Oral versus Intravenous Flucytosine in Patients with Human Immunodeficiency Virus-Associated Cryptococcal Meningitis

ABSTRACT In a randomized controlled trial of amphotericin B-based therapy for human immunodeficiency virus (HIV)-associated cryptococcal meningitis in Thailand, we also compared the mycological efficacy, toxicity, and pharmacokinetics of oral versus intravenous flucytosine at 100 mg/kg of body weight/day for the initial 2 weeks. Half of 32 patients assigned to the two arms containing flucytosine were randomized to oral and half to intravenous flucytosine. Early fungicidal activity was determined from serial quantitative cultures of cerebrospinal fluid (CSF), and toxicity was assessed by clinical and laboratory monitoring. Flucytosine and fluorouracil concentrations in plasma and CSF were measured by high-performance liquid chromatography. No significant bone marrow or hepatotoxicity was seen, there was no detectable difference in bone marrow toxicity between patients on intravenous and those on oral formulation, and no patients discontinued treatment. In patients receiving intravenous flucytosine, the median 24-h area under the concentration-time curve was significantly higher than in the oral group. Despite this difference, there was no difference in early fungicidal activity between patients on intravenous compared with patients on oral flucytosine.
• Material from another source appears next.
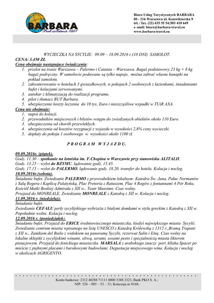 Biuro Usług Turystycznych BARBARA 00 - 216 Warszawa ul. Konwiktorska 9 tel. / fax. (22) 635 55 54;503 410 649 e–mail: [email protected] www.barbara-travel.eu WYCIECZKA NA SYCYLIE: 09.09 – 18.09.2016 r.(10 DNI) SAMOLOT. CENA: 3.450 ZŁ Cena obejmuje następujace świadczenia: 1. przelot na trasie Warszawa – Palermo i Catania – Warszawa. Bagaż podstawowy 23 kg + 8 kg bagaż podręczny. W samolocie podawane są tylko napoje, można zabrać własne kanapki na pokład samolotu. 2. zakwaterowanie w hotelach 3 gwiazdkowych, w pokojach 2 osobowych z łazienkami, śniadaniami bufet i kolacjami serwowanymi. 3. autokar z klimatyzacją do realizacji programu. 4. pilot i tłumacz BUT Barbara. 5. ubezpieczenie koszty leczenia do 10 tys. Euro i nieszczęśliwe wypadki w TUiR AXA. Cena nie obejmuje: 1. napoi do kolacji. 2. przewodników miejscowych i biletów wstępu do zwiedzanych obiektów około 110 Euro. 3. ubezpieczenia od chorób przewlekłych. 4. ubezpieczenia od kosztów rezygnacji z wyjazdu w wysokości 2,8% ceny wycieczki. 5. dopłaty do pokoju 1 osobowego w wysokości około 1100 zł. P R O G R A M W Y J A Z D U. 09.09.2016r. (piątek). . Godz. 11.30 – spotkanie na lotnisku im. F.Chopina w Warszawie przy stanowisku ALITALII. Godz. 13.25 – wylot do RZYMU, lądowanie godz. 15.45. Godz. 17.15 – wylot do PALERMO, lądowanie godz. 18.20. transfer do hotelu. Kolacja i nocleg. 10.09.2016r.(sobota). Śniadanie bufet. Zwiedzanie PALERMO z przewodnikiem lokalnym: Katedra Św. Jana, Pałac Normanów z Salą Rogera i Kaplicą Palatyńską, Plac Pretoria z Ratuszem, Plac 4 Rogów z fontannami 4 Pór Roku, Kościół Matki Boskiej Admirała z XII w., Teatr Massimo. Czas wolny. Przejazd do MONREALE. Zwiedzanie MONREALE z Katedrą z XII w. Kolacja i nocleg. 11.09.2016 r. (niedziela)). Śniadanie bufet. Zwiedzanie CEFALU perły sycylijskiego wybrzeża z białymi domkami w stylu greckim z Katedrą z XII w. Popołudnie wolne. Kolacja i nocleg. 12.09.2016 r. (poniedziałek). Śniadanie bufet. Przejazd do ERICE średniowiecznego miasteczka, kiedyś największego miasta Sycylii. Zwiedzanie centrum miasta wpisanego na listę UNESCO z Katedrą Królewską z 1312 r.,Bramą Trapani z XII w., Zamkiem del Bailo z widokiem na panoramę Sycylii, rezerwat Salin i Etnę. Czas wolny na lokalne sklepiki z sycylijskimi winami, oliwą, serami, sosami pesto i specjalnością miasta likierem pistacjowym. Przejazd do fenickiego miasteczka MARSALA z arabskiego znaczy port Allaha.Spacer po mieście z pięknymi placami i barokowymi budowlami. Degustacja miejscowego wina. Kolacja i nocleg w okolicach AGRIGENTO. .................................................. Konto bankowe: 2312 40288 71111 0000 3388 2323, Bank PKO S. A.; NIP: 526 – 005 – 53 – 31; Koncesja nr 0168; 13.09.2016 r. (wtorek). Śniadanie bufet. Zwiedzanie AGRIGENTO i Doliny Świątyń ze świątyniami Junony, Zgody, Herkulesa i Eskulapa. Spacer po barokowej RAGUSIE malowniczo położonej na planie ośmioboku. Centrum miasta wpisane jest na listę UNESCO. Zwiedzanie zabytków sztuki sakralnej, z Katedrą św. Jerzego i barokowych budowli, rzut oka na Kościół Matki Boskiej delle Scale na szczycie 340 stopniowych schodów zbudowanym na miejscu normańskiego klasztoru. Kolacja i nocleg. 14.09.2016 r. (środa). Dzień wolny. Śniadanie i kolacja w hotelu. 15.09.2016 r. (czwartek). Śniadanie bufet. Zwiedzanie z przewodnikiem lokalnym NOTO najpiękniejszego barokowego miasta na Sycylii, od 1992 r. na liście UNESCO z Placem Immacolata otoczonym budowlami o wspaniałych barokowych fasadach z piaskowca o miodowej barwie, Placu Miejskiego z Ratuszem, Pałacem Biskupim, Pałacu Villadorato z bogato zdobionymi balkonami. Zwiedzanie CATANII. Objazd miasta, spacer ulicą ETNA z pałacami i kościołami z XVIII w., Teatrem Massimo Belliniego, Placem Katedralnym, Fontanną Słonia, Zamkiem Ursino. Kolacja i nocleg w okolicach CATANII. 16.09.2016 r. (piątek). Śniadanie bufet. Wyjazd do SYRAKUZ i zwiedzanie miasta. Wyspa Ortygia kolebka antycznej cywilizacji, Gimnazjum rzymskie, Teatr grecki z III w.pne., Posąg Archimedesa najświetlejszego obywatela miasta, Ucho Dionizosa czyli stary kamieniołom w kształcie ucha o długości 65 m z nadzwyczajną akustyką, Żródło Aretuzy.Czas wolny. Kolacja i nocleg w okolicach CATANI. 17.09.2016 r. (sobota). Śniadanie bufet. Wycieczka na Wulkan ETNA. Wjazd na wysokość 2000 m.npm., spacer po kraterach. Wjazd na wysokość 2500 m lub do kratera na 2900 m wysokości - 60 EURO dodatkowa opłata. Przejazd do TAORMINY miasta nazywanego rajem na ziemi lub perłą Sycylii. Spacer z pilotem po centrum miasta. Kolacja i nocleg w okolicach CATANII. 18.09.2016 r. (niedziela). Suchy prowiant zamiast śniadania. Godz. 4.30 – transfer na lotnisko w CATANI. Godz. 7.20 – wylot do Rzymu, lądowanie godz. 8.40. Godz. 10.05 – wylot do Warszawy. Godz. 12.35 – lądowanie w Warszawie Z a p r a s z a m y!!!!!!! 1. przy zapisie wpłata zaliczki w wysokości 1.035 zł, całość wpłaty do 20.07.2016 r. Bilety lotnicze wystawiane są na konkretne nazwisko i mogą być przepisane na inną osobę przy dopłacie 150 zł. 2. miejsca w autokarze numerowane i wybierane przez klienta przy zapisie. 3. w autokarze i samolotach obowiązuje całkowity zakaz palenia tytoniu. 4. kolejność zwiedzania może ulec zmianie.

The results suggest that either formulation can be used safely at this dosage in a developing country setting, without drug concentration monitoring. The bioavailability of the oral formulation may be reduced in late-stage HIV-infected patients in Thailand. Concentrations of flucytosine with intravenous formulation at 100 mg/kg/day may be in excess of those required for maximal fungicidal activity.